• Exercise
Restate the whole of the data below word for word, skipping the images.

• Input data

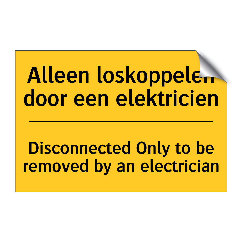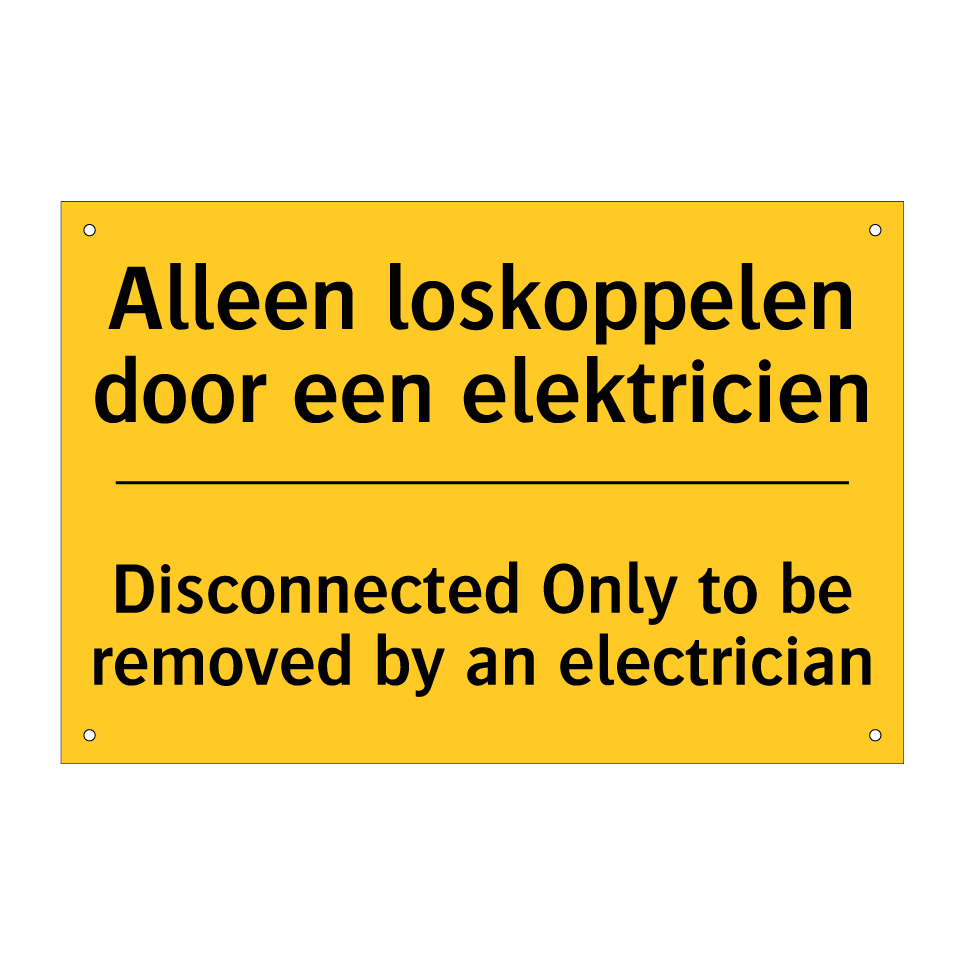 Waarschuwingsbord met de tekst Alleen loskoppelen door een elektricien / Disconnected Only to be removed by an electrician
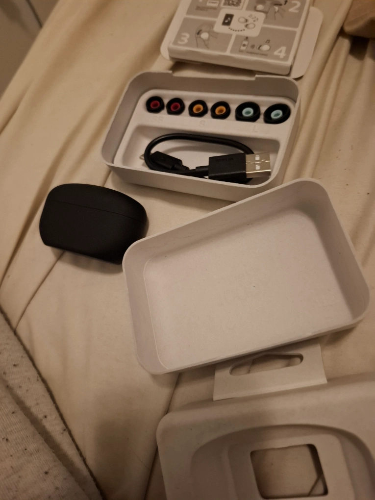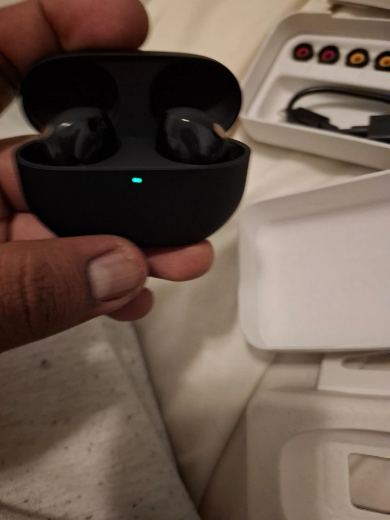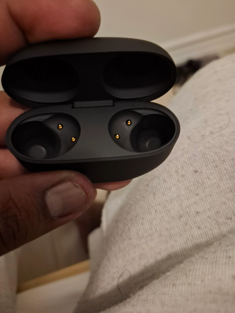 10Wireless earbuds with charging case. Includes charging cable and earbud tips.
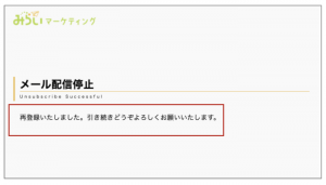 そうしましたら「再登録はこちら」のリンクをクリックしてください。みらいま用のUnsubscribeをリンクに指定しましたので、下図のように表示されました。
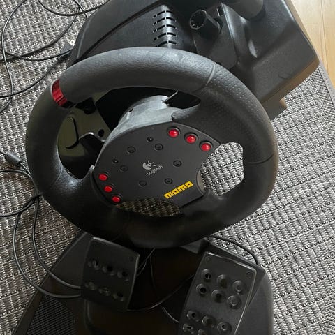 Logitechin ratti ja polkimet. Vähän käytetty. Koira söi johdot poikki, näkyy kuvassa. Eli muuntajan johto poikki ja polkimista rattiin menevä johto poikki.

• Response below
 Waarschuwingsbord met de tekst Alleen loskoppelen door een elektricien / Disconnected Only to be removed by an electrician
 10Wireless earbuds with charging case. Includes charging cable and earbud tips.
 そうしましたら「再登録はこちら」のリンクをクリックしてください。みらいま用のUnsubscribeをリンクに指定しましたので、下図のように表示されました。
 Logitechin ratti ja polkimet. Vähän käytetty. Koira söi johdot poikki, näkyy kuvassa. Eli muuntajan johto poikki ja polkimista rattiin menevä johto poikki.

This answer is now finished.